• TRY IT: Each line in the listing below that contains "gobierno" should be returned.

== RECORDS FOR THE TASK

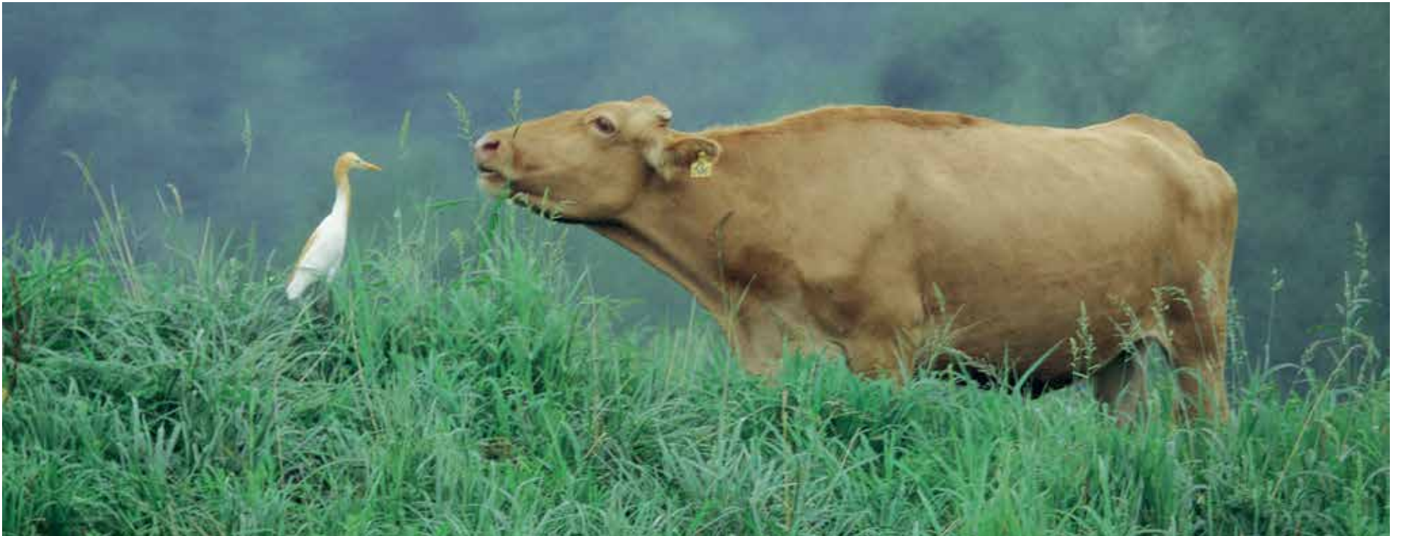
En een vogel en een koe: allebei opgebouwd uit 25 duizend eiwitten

====
== RECORDS FOR THE TASK

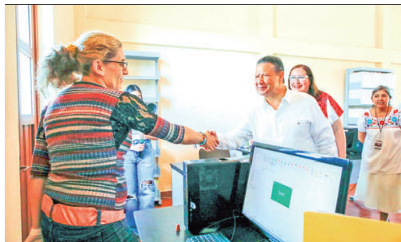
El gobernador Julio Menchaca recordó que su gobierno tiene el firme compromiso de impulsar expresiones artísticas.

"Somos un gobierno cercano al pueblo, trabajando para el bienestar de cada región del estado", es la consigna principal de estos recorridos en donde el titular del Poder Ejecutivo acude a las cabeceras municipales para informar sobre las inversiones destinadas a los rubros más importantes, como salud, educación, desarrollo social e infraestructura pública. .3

====

• COMPLETED EXERCISE:
El gobernador Julio Menchaca recordó que su gobierno tiene el firme compromiso de impulsar expresiones artísticas.
"Somos un gobierno cercano al pueblo, trabajando para el bienestar de cada región del estado", es la consigna principal de estos recorridos en donde el titular del Poder Ejecutivo acude a las cabeceras municipales para informar sobre las inversiones destinadas a los rubros más importantes, como salud, educación, desarrollo social e infraestructura pública. .3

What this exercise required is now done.